- **Data shown**

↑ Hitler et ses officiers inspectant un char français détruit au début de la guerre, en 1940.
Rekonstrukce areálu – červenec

==

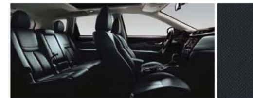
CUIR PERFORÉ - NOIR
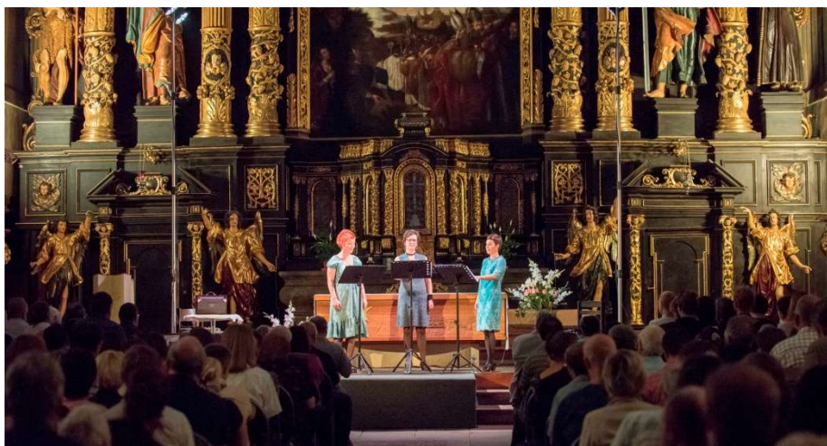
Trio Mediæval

- **To do**
Print, from the entries above, the line with "guerre, en 1940.", the line with "Rekonstrukce areálu – červenec" and all lines between them, exactly and with nothing else.

- **Written response**
↑ Hitler et ses officiers inspectant un char français détruit au début de la guerre, en 1940.
Rekonstrukce areálu – červenec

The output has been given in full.